Frequently Asked Questions

Frequently Asked Questions

If you have a question not in the list, please get in touch.

Why does the site occasionally break?
We like to think of this site as being in "beta". By this we mean that this service is in active development. We are learning as we go so it is subject to having bits added and changed. That's not a good way to build a suspension bridge, but it is very cost-effective and practical for web development. When we started this site we had a brief, rather than a detailed set of requirements.
Some of the pages on the site just look like a badly organised list of stuff. Why is that?
The site is entirely data-driven. There are some pages, such as this one, that are entirely hand-written by humans, but most of the pages on the site are automatically generated from raw data. We've tried as much as possible to provide a friendly viewer for as much of the different data types as possible, or at the very least provide an explanation, but occasionally this may not work quite as well as we expect. That said, we're trying to make the site as human-readable as possible, so if there are any confusing pages then please do get in contact and let us know.
What is a URI?
First of all, note that it looks very like "URL". URLs are a subset of URIs. A URI identifies a single concept, but unlike a URL that concept is not limited to a document or file on the Web. It still looks like a web address, but don't let that confuse you. It can identify things which are not possible to turn to a series of ones and zeroes and send over the Internet. For example, Bencraft Hall Bar (http://id.southampton.ac.uk/building/81D), the Genus Velociraptor (http://www.bbc.co.uk/nature/genus/Velociraptor) and so forth. Most University of Southampton URIs will start with "http://id.southampton.ac.uk/".
What formats are you publishing in?
Where possible we aim to provide the data as full ★★★★★ data. However, that may be a long process, and we would rather make good data available now, than perfect data the day after tomorrow. Most datasets are available as RDF+XML and Turtle and, where possible, we also provide the raw data which is almost always one or more comma-separated value files or Excel documents.
What file formats are used on this site?
Many of the HTML pages are constructed from RDF data. If the page was constructed from triples, the "get the data" box will contain links to other alternate formats. The formats RDF+XML (.rdf), Turtle (.ttl) and N-Triples (.nt) all express exactly the same data. For a programer new to RDF, "N-Triples" is the easiest to get to grips with as it's just the raw data. Depending on the data, we may also provide other formats, such as RSS for news or event feeds, Google KML files for geospacial data, or ICS files for temporal data.
What technologies are you using?
We use Grinder, rapper, and some simple scripts to publish the datasets. Grinder was developed for this project, but is available as a simple way to convert tabular data into RDF. We use 4store as our data store and SPARQL endpoint, with a arc2 front page to make it easier to use. To provice the interface we use PHP and our Graphite and sparqllib libraries, plus Open Street Map for the maps.
Are you the only university to do this?
No, and it would be pointless if we were.

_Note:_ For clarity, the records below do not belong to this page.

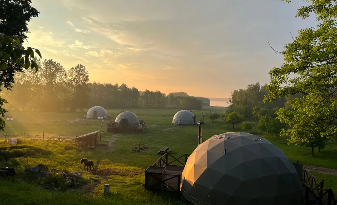 В глэмпинге также есть гамаки, бочки с тёплой водой, бани и озеро.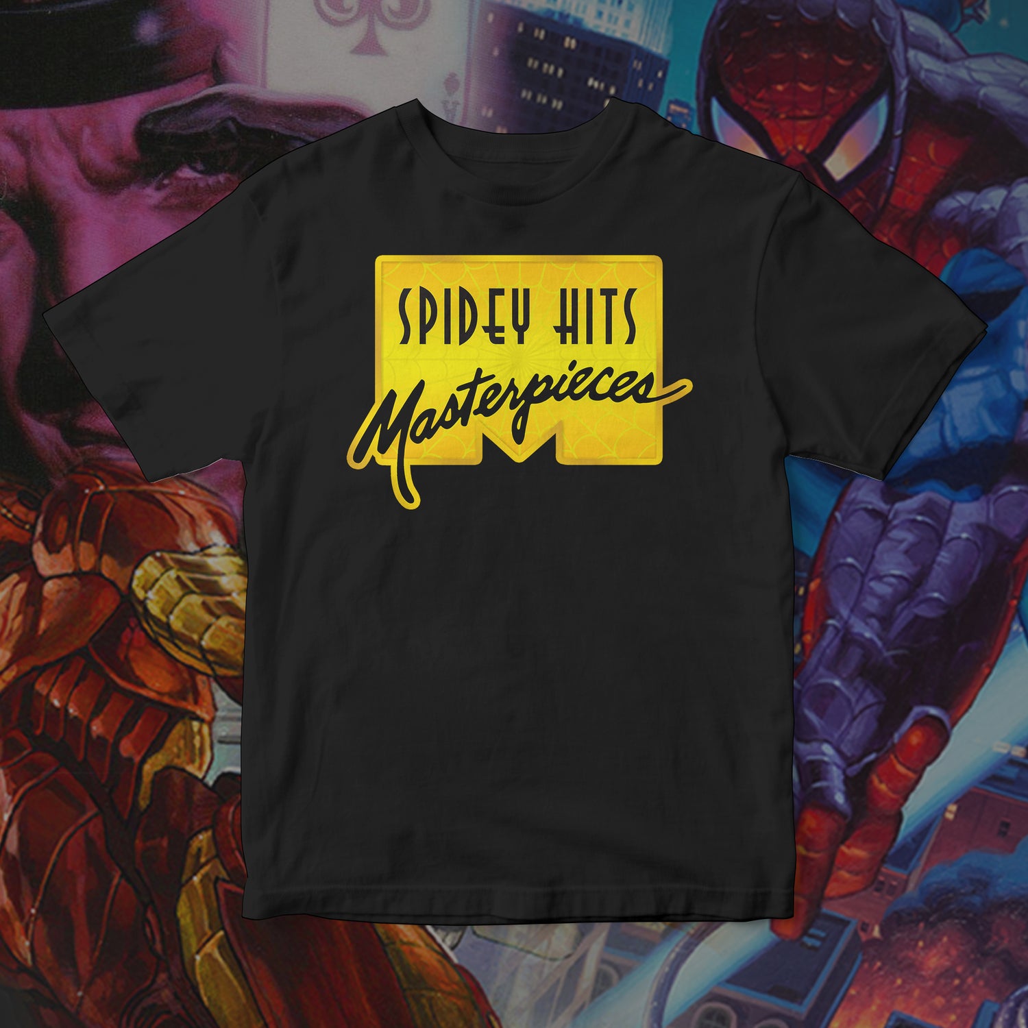 Celebrate the artistry of Masterpieces with the Spidey Hits Masterpieces T-shirt!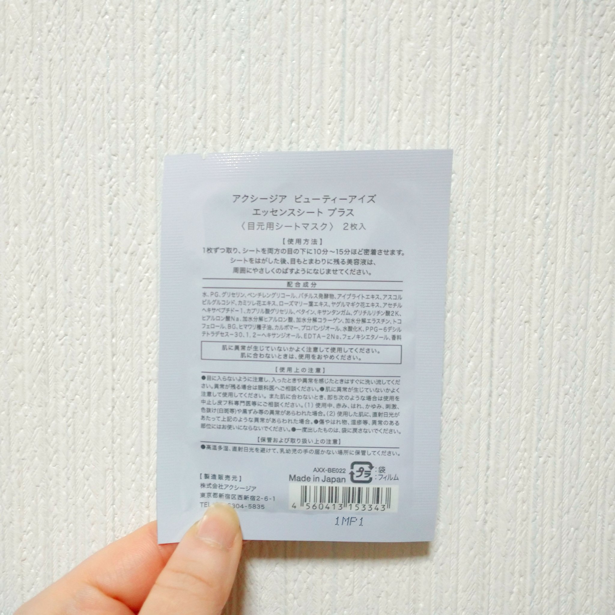 商品詳細情報AXXZIA ビューティーアイズエッセンスシート
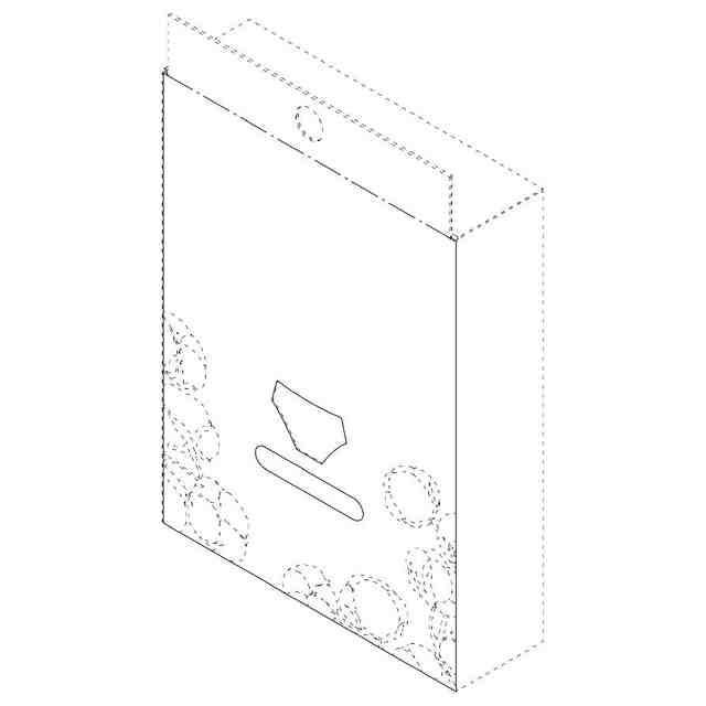 実線で表した部分が、部分意匠として意匠登録を受けようとする部分である。一点鎖線は、部分意匠として意匠登録を受けようとする部分とその他の部分との境界のみを示す。縮小斜視図を含めて意匠登録を受けようとする部分を特定している。開口部を示す参考図において、薄墨を施した部分は開口部である。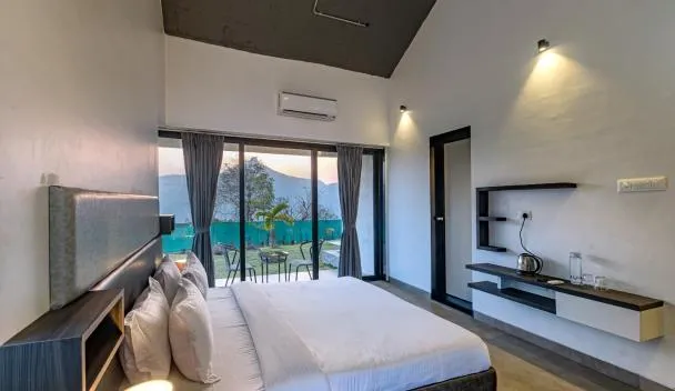 Với hồ bơi ngoài trời, khu vườn, cùng phòng chờ chung, SaffronStays Sundowner by the Lake, Karjat - party-perfect pool villa with rain dance and cricket turf cung cấp chỗ nghỉ ở Karjat có Wi-Fi miễn...
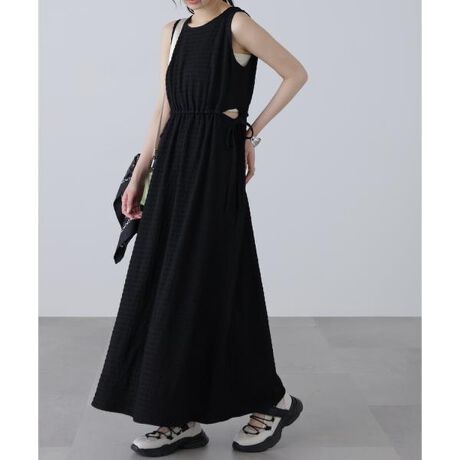 ご好評をいただいてるアイテムが今年も登場!オフ・ブラウンが新色です。チラッと肌見せするトレンドのカットアウトがヘルシーなワンピースです。表面感のあるしっかりとした素材なのでさらっと着られます。抜け感のある両サイドのウエストと背中の程よい開き具合のカットアウトが取り入れやすいポイント。バックスタイルはビスチェをレイヤードしたようなデザインにシャーリングを施し、体に着心地良くフィットします。ウエストの切り替え位置が高めなので、スタイルアップを叶えてくれる1枚。キャップにスニーカー合わせがおすすめです。※モデルの着用画像の場合、光の当たり具合により、実際の色味と異なって見えることがございます。色味は、商品単体の画像をご参照ください。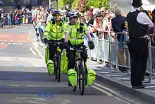 یک افسر پلیس که مردم را پشت حصار نگه میدارد.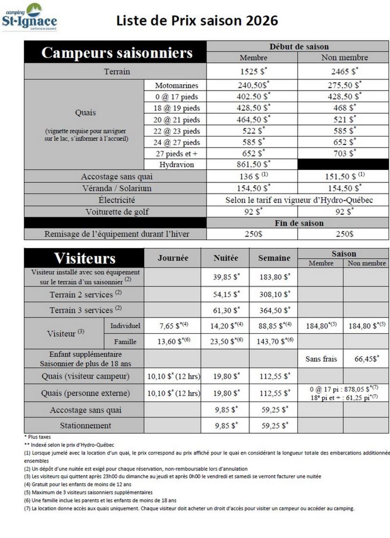 Tarifs et réservations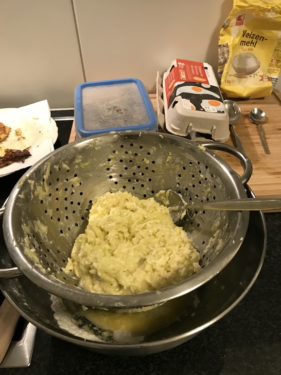 С кабачками кто не знает лайфхак. У меня руки крюки и отжать нормально я их не могу вообще. Надо тесто на оладьи в дуршлаге замешивать вот так: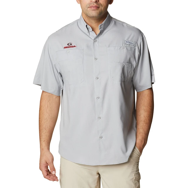 Men's Columbia Gray Georgia Bulldogs PFG Tamiami Omni-Shade Button-Down Shirt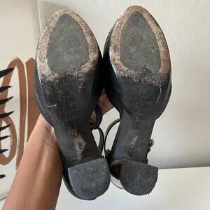 Brunello Cucinelli Black Leather Platform Block Heel Peep T-Strap Sandals 40.5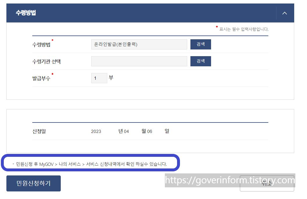 발급방법은 두 서류 모두 동일하며 발급버튼 터치 시 민원 신청하는 창으로 이동한다. 신청방법은 인터넷발급의 경우 정부 24에서 가능하며 처리는 바로 되며 별도의 비용이 들지 않는다.

We are working with our peers at other universities planning and providing open data to design good practice and tools. However Southampton is a pioneer in the field, leading in Open Access to Research and Electronics and Computer Science have been publishing open data about their infrastructure since 2006. This site is built by the same team, but with the experience of the lessons learned from the ECS project.
What license will you publish under?
Datasets will mostly be published under Open Government License, or other licenses conforming to the Open Definition. In some cases this may not be possible.
Aren't you worried about the legal and social risks of publishing your data?
No, we are not worried. We will consider carefully the implications of what we are publishing and manage our risk accordingly. We have no intention of breaking the UK Data Protection Act or other laws. Much of what we publish is going to be data which was already available to the public, but just not as machine-readable data. There are risks involved, but as a university it's our role to try exciting new things!